Associates told the Times that Jaffe showed up in spiked heels and white gloves. Her cab driver didn’t want to let her out at the Anacostia Bridge, saying “it’s no place for a woman.” She agreed, but jumped from the cab because, as she noted, “it’s a good place for a reporter.” For so many women already having a tough time breaking through the glass ceilings in the world of journalism, Jaffe’s comment was a rallying cry.

She also worked at the Binghamton Press and the Northwestern Miller Trade Journals. She was a member of the United States Senate and House Press Galleries and the White House Correspondents Association, and served during World War II as an information officer in the Office of War Information, assigned to the Office of Price Administration (OPA) for Metropolitan New York.

Like the contributions of so many accomplished but unsung women of her time, her greatest influence occurred behind the scenes.

Jaffe rallied the support of the public and the press on every major capital program undertaken by the Port Authority at the airports, seaports and the bus terminal, reporting to Executive Director Austin Tobin. She established close working relationships with editorial writers and reporters at all of the region’s daily newspapers, keeping them continually informed of Port Authority news and human-interest stories.

According to her colleagues and associates, Jaffe lived, slept and breathed the Port Authority and had a particular talent for sharing the agency’s message. “She was ingenious. She knew a good story and how to develop it,” said one of the region’s reporters. “And if you needed more [facts], she would get them and call you right back . She was head and shoulders above anyone else in the public relations field.”

For an idea of Jaffe’s influence, start with 1945. That year, there were 29 favorable editorials, according to summaries prepared by Tobin for the Port Authority Board of Commissioners. The next year, the number was 280, and it grew to 317 in 1947.

Beyond public relations, Jaffe left her imprint on other areas of the the agency. Although the initial architectural plans for the World Trade Center Twin Towers called for the construction of two 80-story towers, Jaffe thought it wouldn’t be exciting enough to attract multi-national tenants. According to news accounts, as Jaffe and Tobin discussed the possible design of the towers, she said, “Why not make it taller than the Empire State Building?” Tobin agreed, as did Port Authority commissioners.

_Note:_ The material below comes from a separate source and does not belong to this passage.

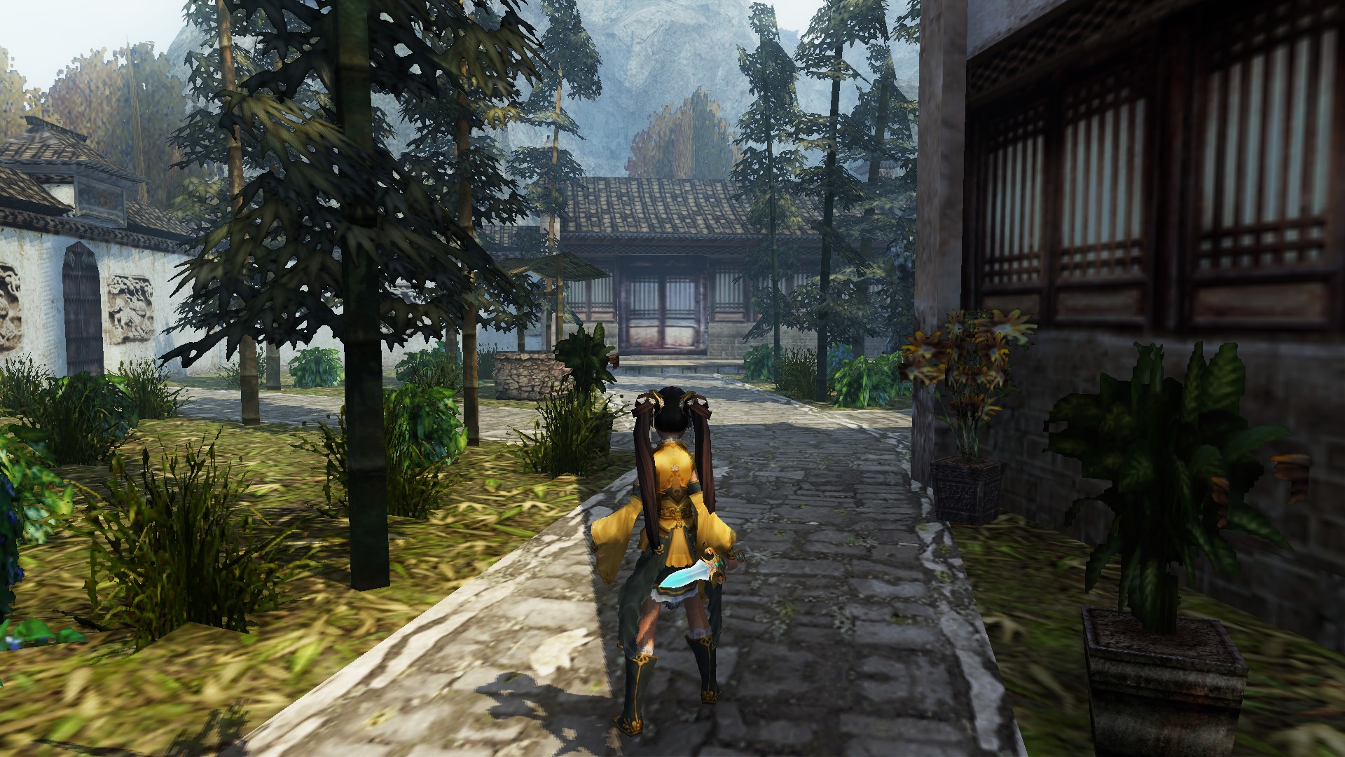 小李飞刀-恩平山庄:2022年6月1日09点09分,鬼哭让我调的,地图在视觉上比较狭窄混乱,材质都是用Colorkey的,导致性能比较差,开启天空盒功能会变黑喵;添加了基本白天光影喵;09点13分,人工灯具的辉光贴图是单独分类的,非常方便,批量排除它的光影影响,修复阴影BUG喵;09点17分,把平行光对齐天空盒的太阳角度喵;09点19分,调整级联分割,提高阴影质量喵;提高法线偏移,修复阴影瑕疵喵;09点21分,添加淡蓝色距离雾,略微缓解地图狭窄挤压的感觉喵;09点25分,由于无法和距离雾混合,隐藏远处的半透明云雾喵;09点29分,添加体积光天空,让天空贴图显示出来喵;09点34分,关闭大门流水贴图的投射阴影,修复阴影BUG喵;09点35分,辉光贴图离远了会被距离雾变成蓝色圈圈,没办法自然淡出,只好隐藏掉辉光了,刚好也是白天光影喵;09点44分,微调距离雾和天空颜色喵;09点47分,微微增加距离雾开始,让近处对比度更高喵;09点53分,检查了一遍,发现山之间有漏洞,能掉下地图喵;
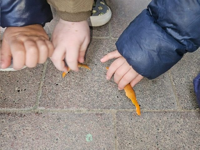 Els nens i nenes d’I3 van descobrir un misteriós camí fet de peles de mandarina. Intrigats i emocionats, el van seguir pas a pas… Fins que els va conduir al bosc de l’escola.

After 21 years of devoted service to the Port Authority, Jaffe retired. “It’s been fun. I loved every minute of it,” she told the New York Times.  Jaffe seldom took more than one week’s vacation a year and was accessible at any hour of the day or night to provide information concerning the agency. She belonged to a number of public relations organizations and to the Foreign Press Association, Aviation/Space Writers Association, Women’s City Club of New York and Women’s National Press Club. And she lived a full life outside the agency with her husband Isadore and their beloved Myna bird, named Pretty Boy, and a Maltese Terrier.

On the eve of her retirement, she went to a routine meeting — or so she thought. She walked out of it not with a pad full of notes, but with the Port Authority’s Distinguished Service Medal. In 1944, The Port Authority started its Medal Awards program to acknowledge the contributions of dedicated long-term employees, and to reward heroism and other achievements by staff.

The medal points to “her valuable counsel and advice have been sought on every decision of major significance and that her unfailing ability to outline a course of action for the Port Authority to meet the public needs has always been of great assistance to her colleagues,” said the commissioners.”

The commissioners praised Jaffe for “imaginatively” telling the story of the Port Authority, and the confidence and respect the agency commanded from the news media during her tenure.